Tuesday 21 November 2017

Savita unit 'strived for excellence' in year that she died

Savita Halappanavar.
Savita Halappanavar.
Eilish O'Regan

Eilish O'Regan

THE maternity unit where Savita Halappanavar died "continued to strive for excellence in delivery of our service", according to its annual report for 2012.

The midwifery report on the maternity unit in University Hospital Galway said that "quality is our goal on a daily basis".

The confident assessment came despite criticism of poor practice at the unit in a number of independent investigations into the care of Ms Halappanavar who was told she would miscarry.

She died a week later from septicaemia, in October 2012.

The clinical report from the women and children's director of University Hospital Galway and Portiuncula Hospital said staff were "positive and fearless for our mothers and babies in our maternity unit and the parents and children in our paediatric unit".

Savita's death is noted in the main body of the report, although she is not named. It said she developed signs of severe sepsis and septic shock four days after admission.

"She miscarried and was transferred to the intensive care unit. Thereafter, she developed serious multi-organ failure and died on the eighth day after admission to hospital."
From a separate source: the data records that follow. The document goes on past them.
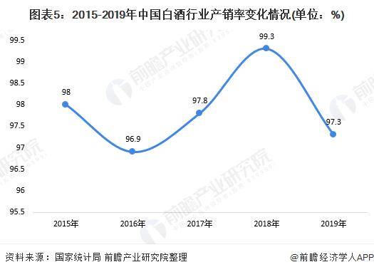 整体来看,我国白酒行业的产销率呈现先升后降的趋势。2018年,在行业产量大幅下降的情况下,去除了大量的白酒库存,实现99.30%的产销率;2019年,行业产销率下降至97.3%,说明产品需求小于供给,前期去库存的措施效果明显。
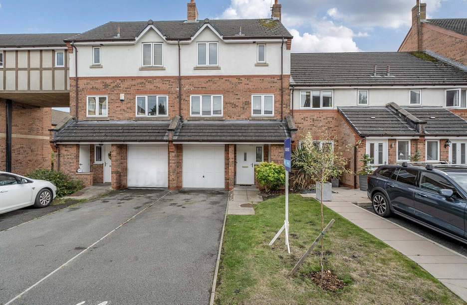 The townhouse features a well-maintained south facing garden, perfect for relaxing or hosting summer barbecues. Off-street parking and a garage provide convenient storage options for vehicles and outdoor equipment.
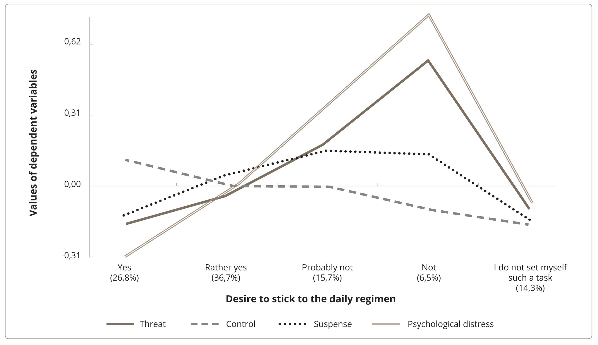 The present study showed that assessing the stressor in the form of a threat from the disease outbreak is linked to the individual choice of preventive measures, which is, in turn, important in preventing the spread of the disease. In our view, the link between threat and choice of preventive measures is similar in nature to the link between adherence to treatment and perception of the real disease.
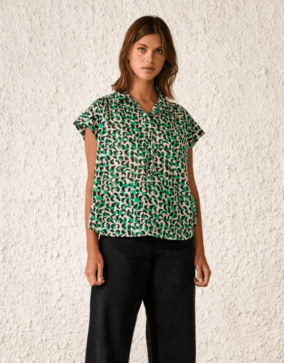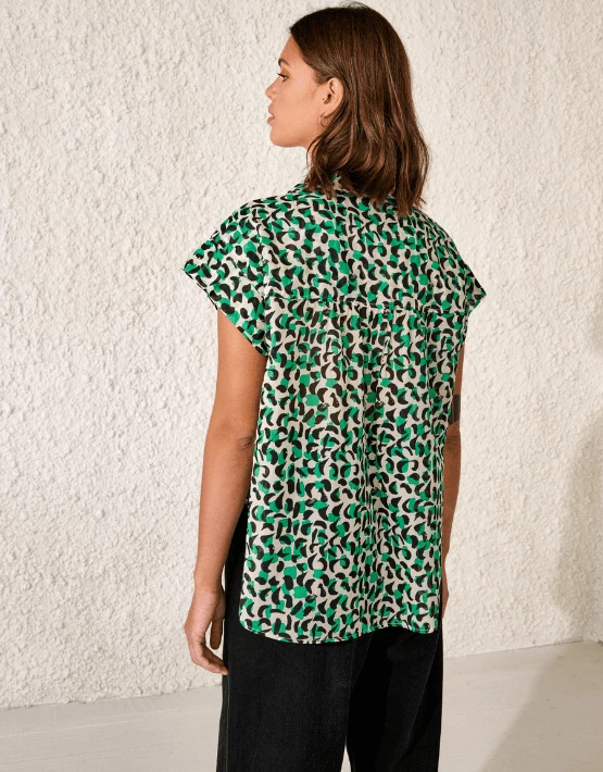 – Relaxed top – Classic collar – Cap sleeves – Half button placket – Curved hem – Abstract leopard print – Green/black – 100% Cotton – BELLEROSE Sizing: XS – 0 S – 1 M – 2 L – 3 XL – 4 RD Size: L
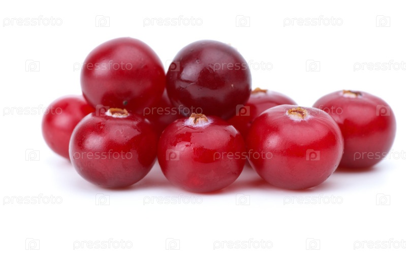 Ягоды клюквы крупным планом. Белый фон
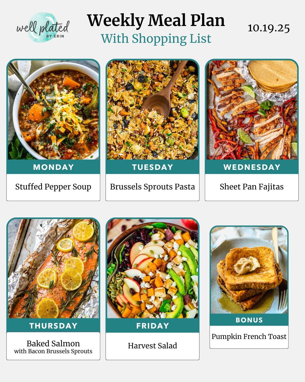 Yes! Our Weekly Meal Plans are created with a family of 4 in mind. To adjust this to fit the needs of your family, simply press the “+” or “-” symbols underneath each dish to adjust the servings amounts. Doing this will also automatically update your shopping list. You can also adjust serving amounts in the shopping list. For help with this, click here for tutorials[14]. Still stuck? Reach out to us at hello@wellplated.com[15].
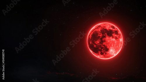 stunning red full moon illuminates night sky, surrounded by dark clouds and twinkling stars, creating captivating and mystical atmosphere
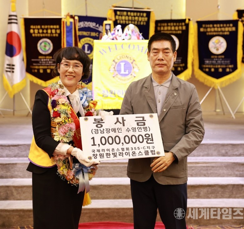 [세계타임즈 = 이판석 기자] 국제라이온스 355-C지구 창원한빛라이온스클럽에서는 2017년도 유금이 회장 취임 이후부터 2023-24년 제25대 김은숙 회장, 그리고 2024-25년 올해 취임하는 제26대 김영자 회장까지 8년에 걸쳐서 경상남도장애인수영연맹 (회장:강동환 )에 지속적으로 후원했다.
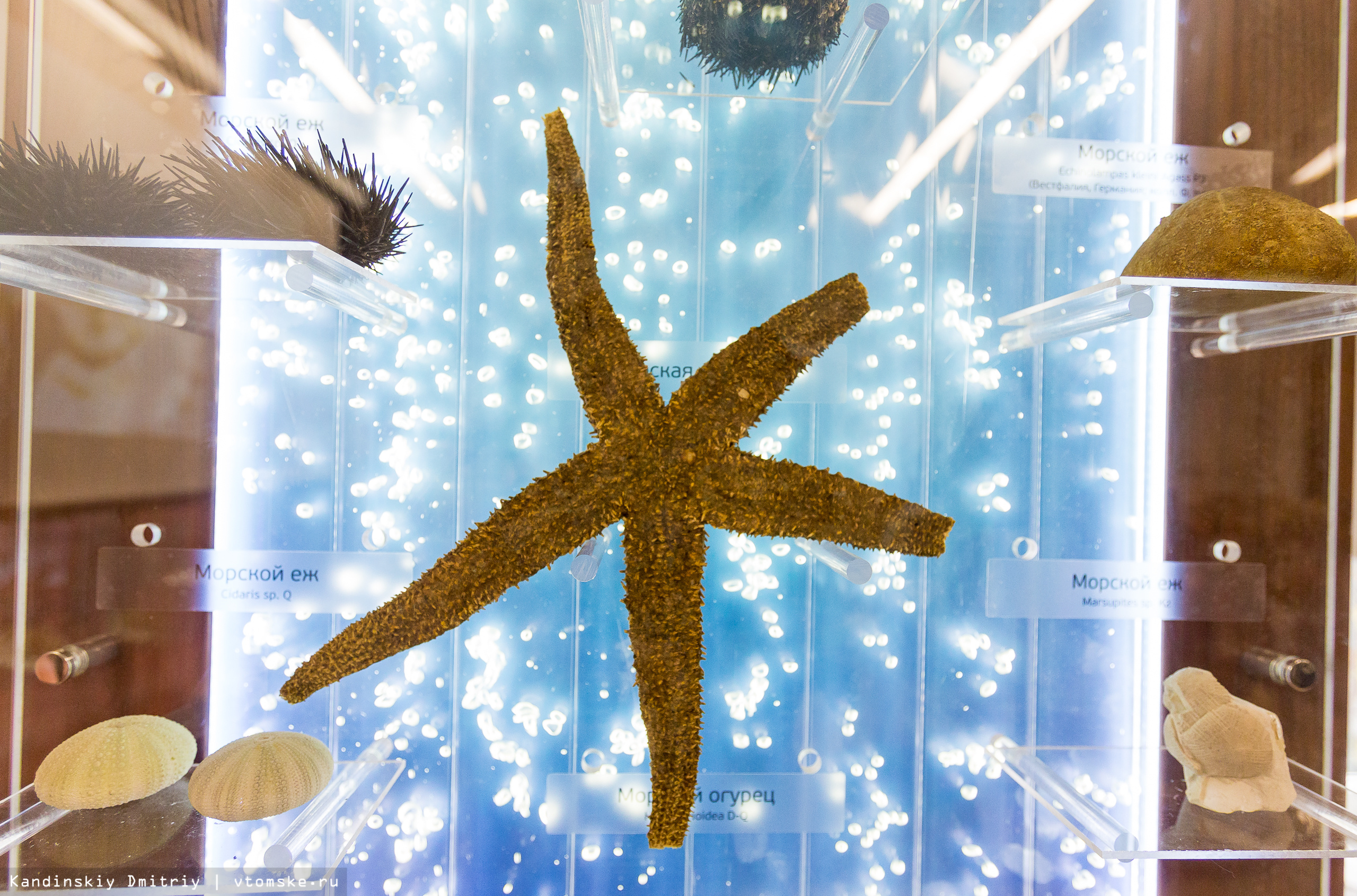 По ее словам, в музее сейчас представлено около 500 экспонатов, однако это не полная коллекция. Периодически экспонаты будут сменять друг друга. Среди экспозиции есть, в том числе находки, привезенные сотрудниками ТПУ, студентами. Так, этим летом студенты-геологи пополнили коллекцию музея ископаемыми археоциатами — это класс вымерших губок, они существовали на Земле около 530 миллионов лет назад. По данным политеха, студенты сделали свои находки во время практики в Хакасии.
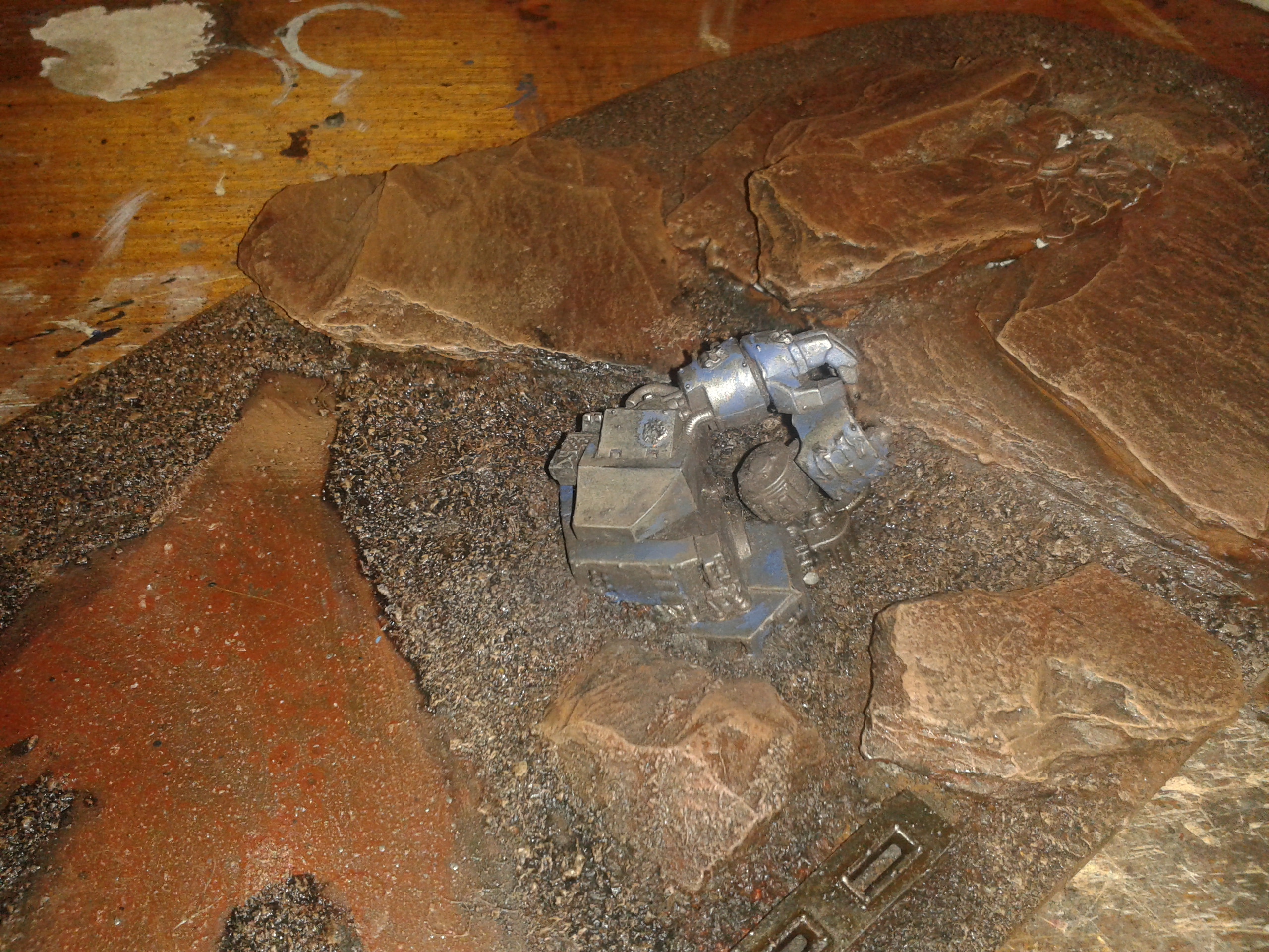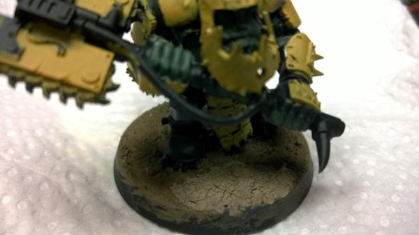 How I went forward was PVA glue, sand, crackle paint, thinned down PVA glue just to be sure, I then primed my model, basecoat of Steel Legion Drab, Devalin Mud shade and Bleached Bone highlight.
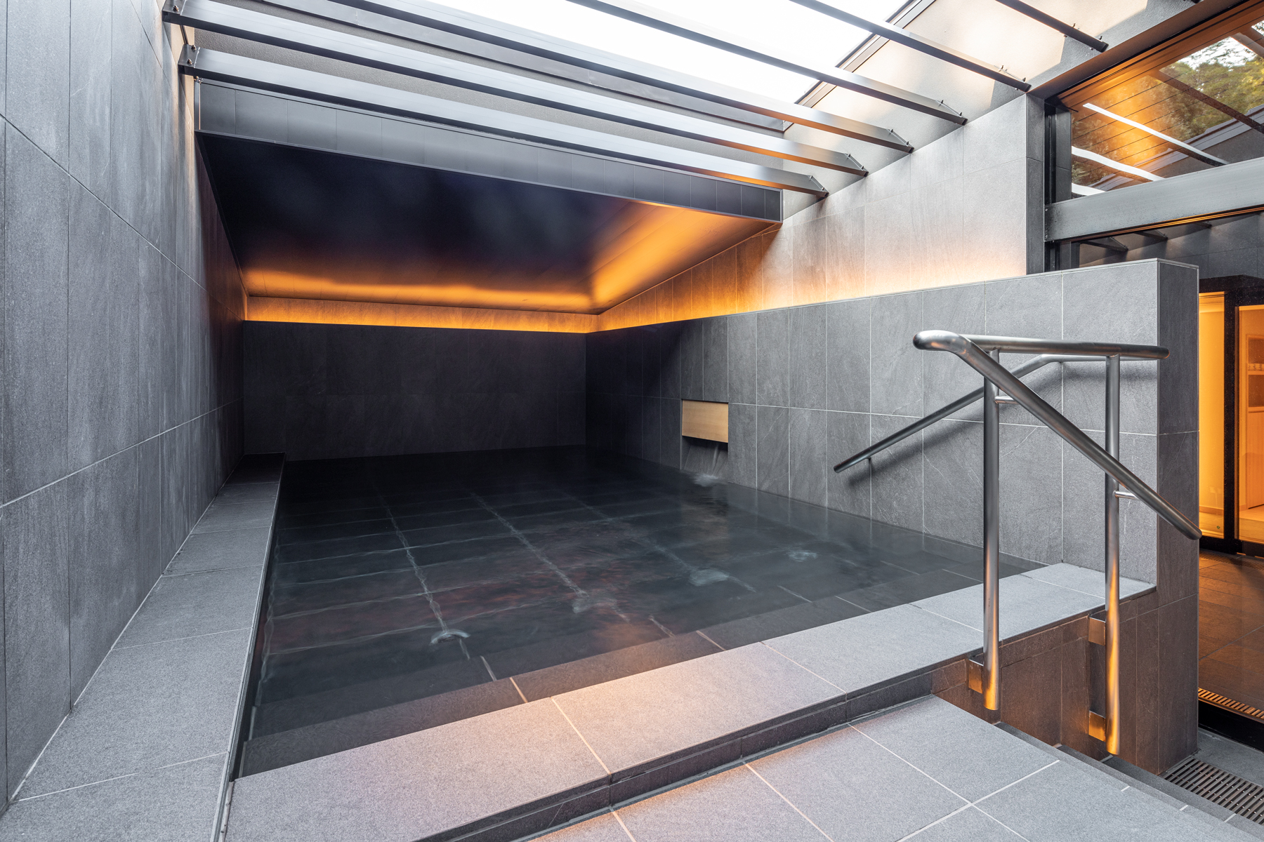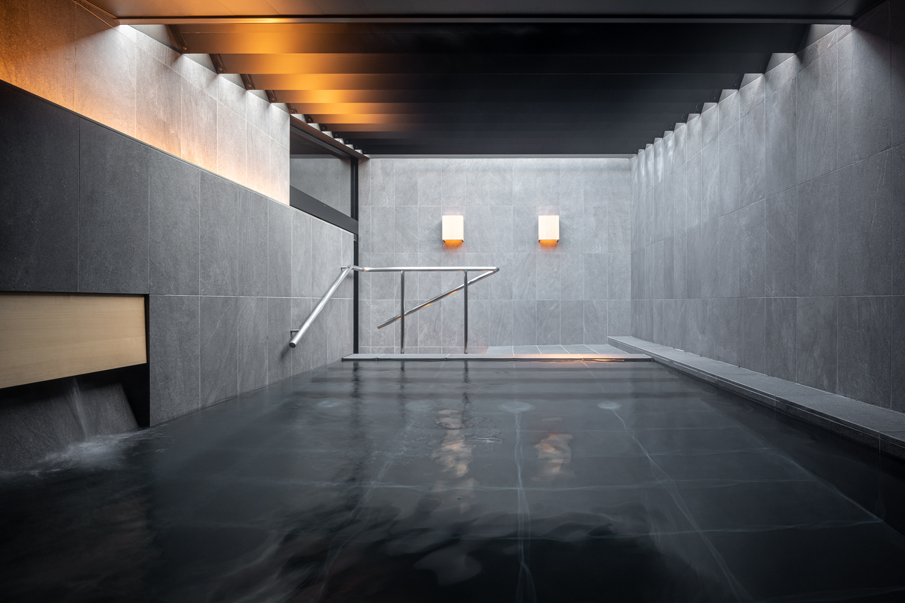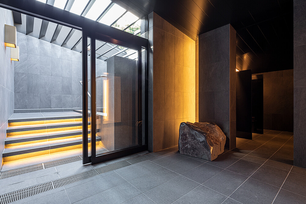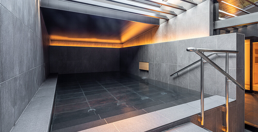 In den verschiedenen Bädern wurde eine Mischung aus indirekter Beleuchtung installiert, um eine entspannte Umgebung zu schaffen. Die ADONIS IP67 sowie die SKYLLA-Leuchten der VarioLED™ Flex VENUS-Familie sind stilvoll auf den Stufen, an den Wänden, im Außenbad und im Waschbereich installiert.

Writing in the foreword to the report, Dr Geraldine Gaffney, clinical director at the Women's and Children's Directorate in October, described the death as a "devastating event".


It was "the first of its kind to have happened here for 17 years, (it) shocked both staff and the public alike.

"We extend our sympathy to the husband and family of Savita Halappanavar. I am mindful of the tremendous effect that this tragic event had upon members of staff and the public that use our service. I am grateful to those who sent us expressions of support during this difficult time."

The report noted that the unit treated another woman who had sepsis last year. Another patient had suspected meningitis or drug toxicity after delivering a baby and she went on to make a good recovery.

The report said the unit had 19 cases of serious illness among mothers during the year.